= Task directions =
The listing below is to be written out word for word, minus its images.

= Data section =
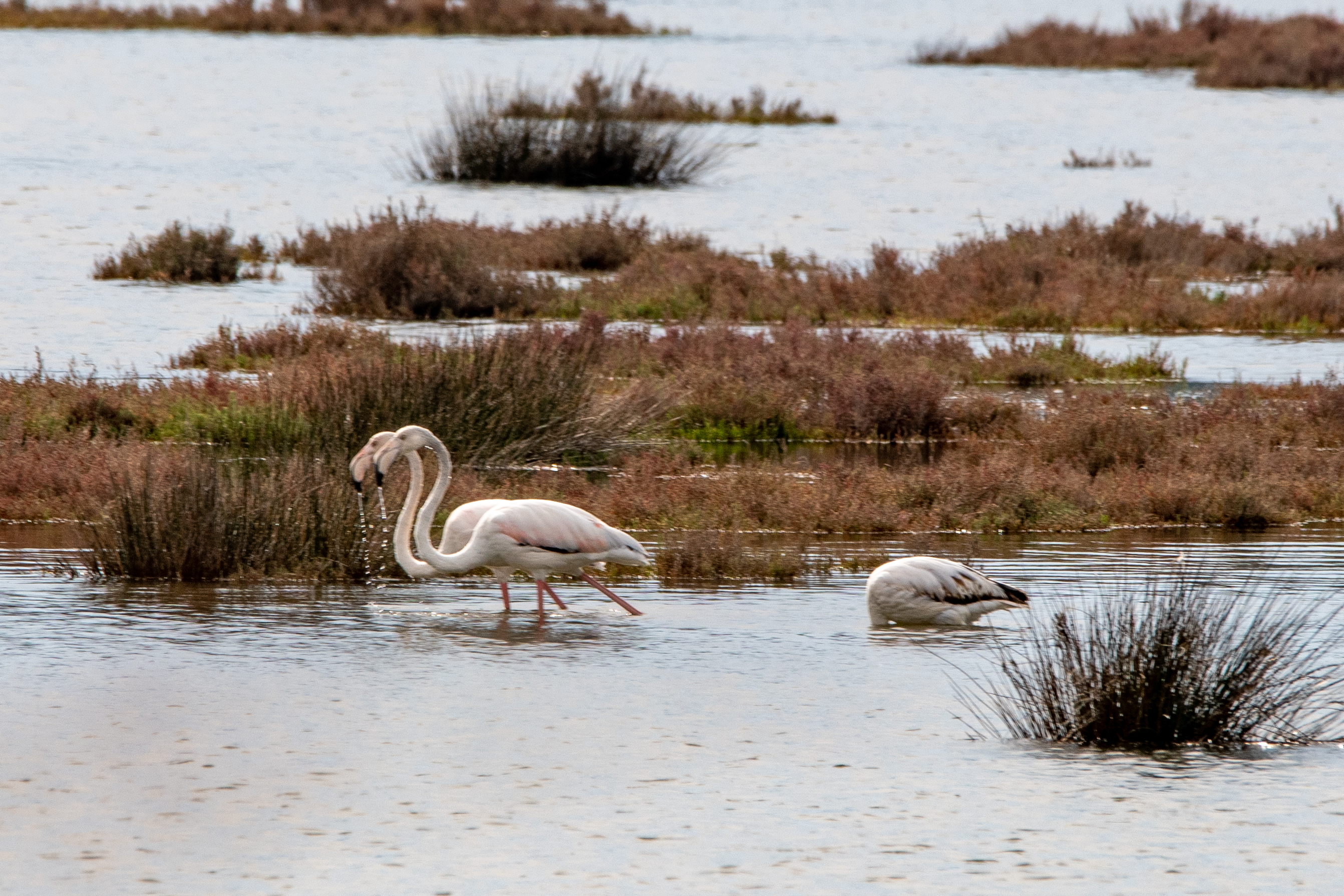 Rosaflamingos auf Nahrungssuche
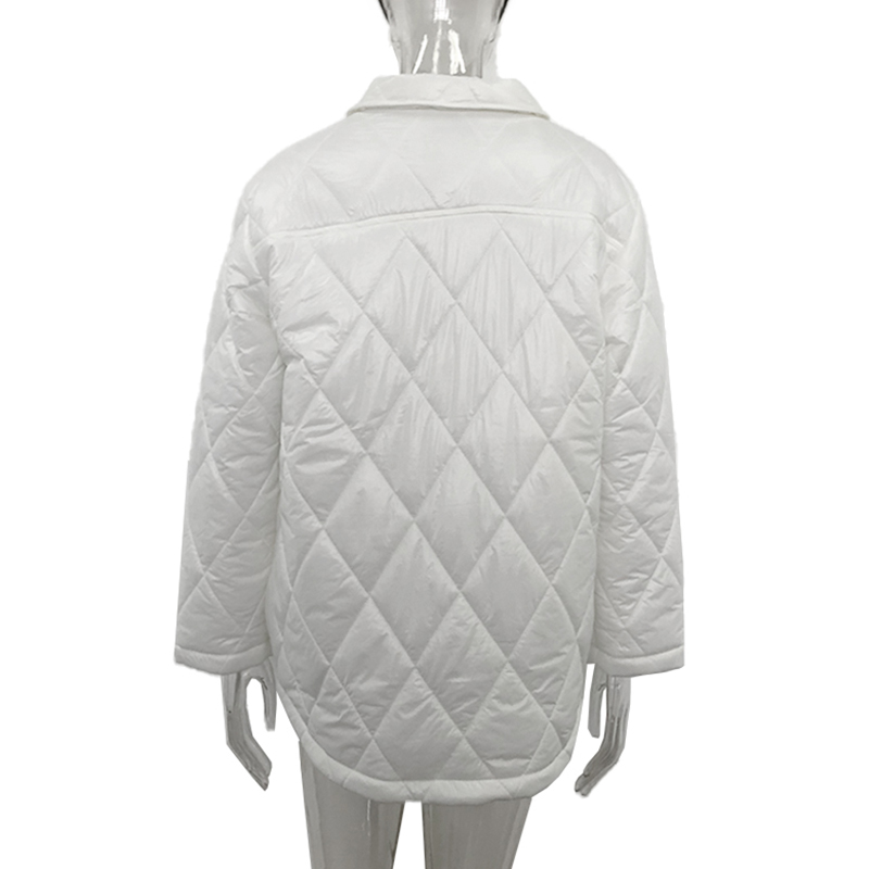 Women Argyle Casual Buttons Parkas Jacket Lady Turn Down Collar Coats Women Elegant Quilted Cotton Jackets Female Quilted Puffer Coat #1063
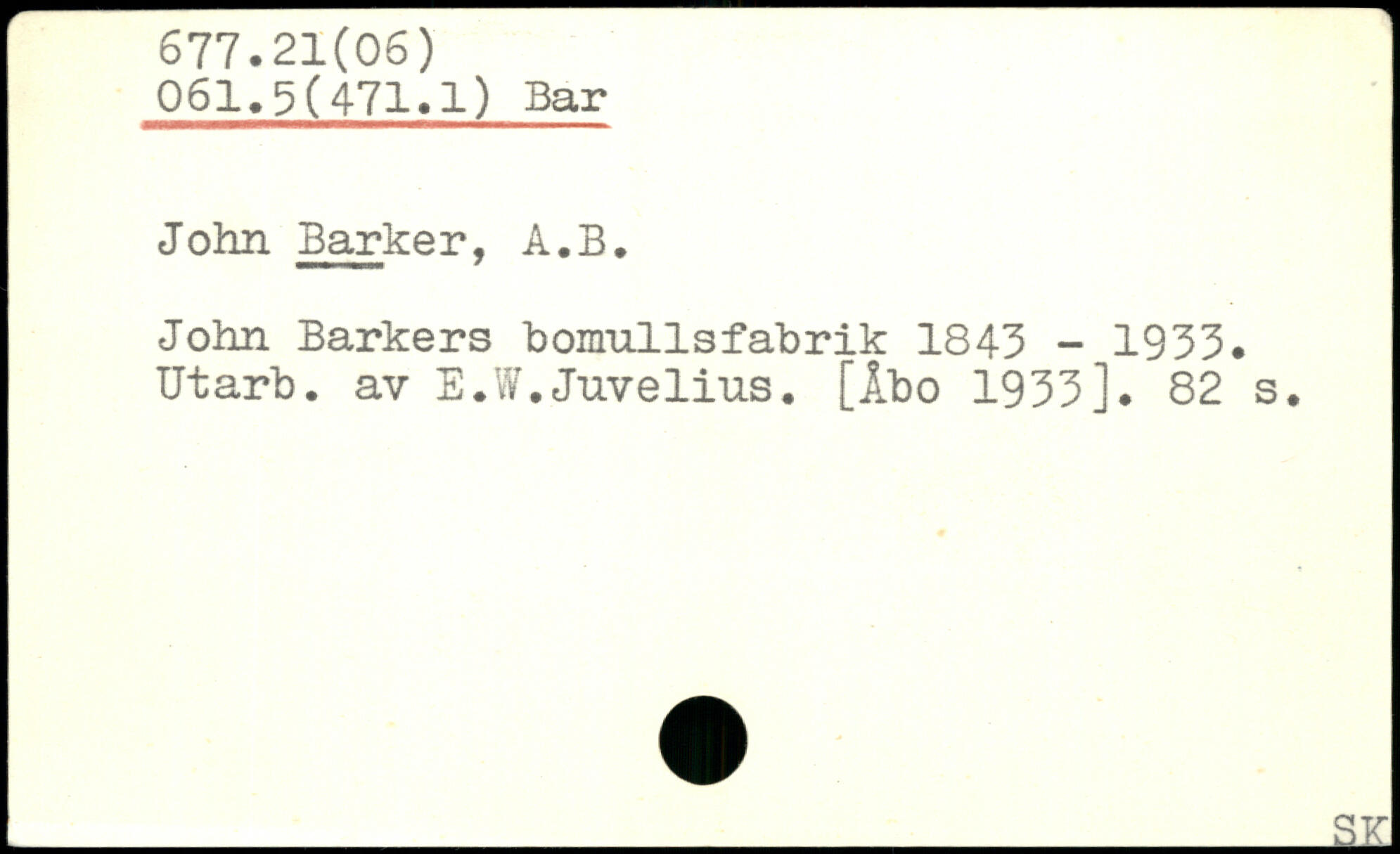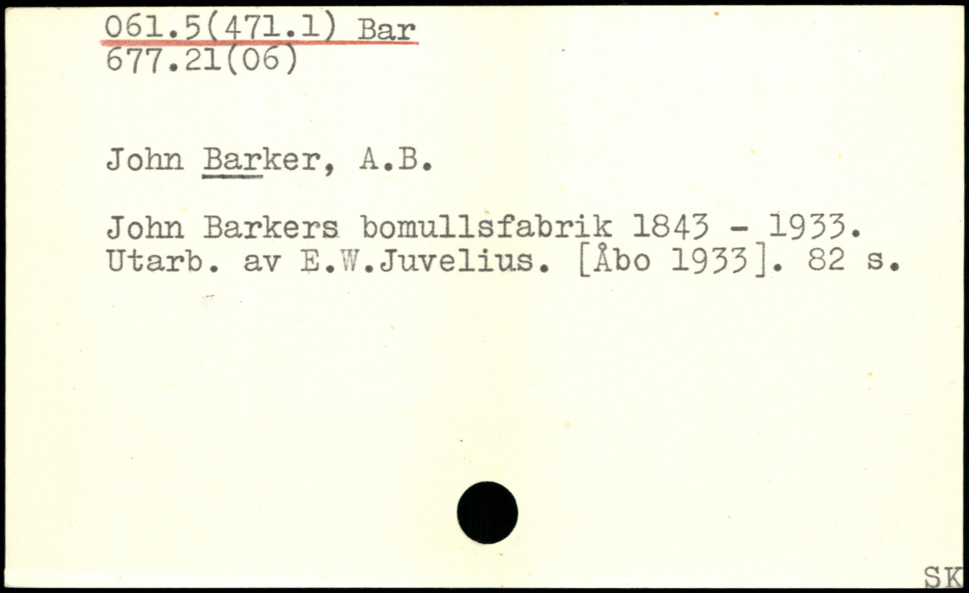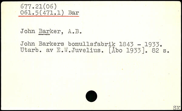 John Barkers Bomullsfabrik 1843 - 1933. Utarb. av E.W.Juvelius. [Åbo 1933].

= Answer section =
 Rosaflamingos auf Nahrungssuche
 Women Argyle Casual Buttons Parkas Jacket Lady Turn Down Collar Coats Women Elegant Quilted Cotton Jackets Female Quilted Puffer Coat #1063
 John Barkers Bomullsfabrik 1843 - 1933. Utarb. av E.W.Juvelius. [Åbo 1933].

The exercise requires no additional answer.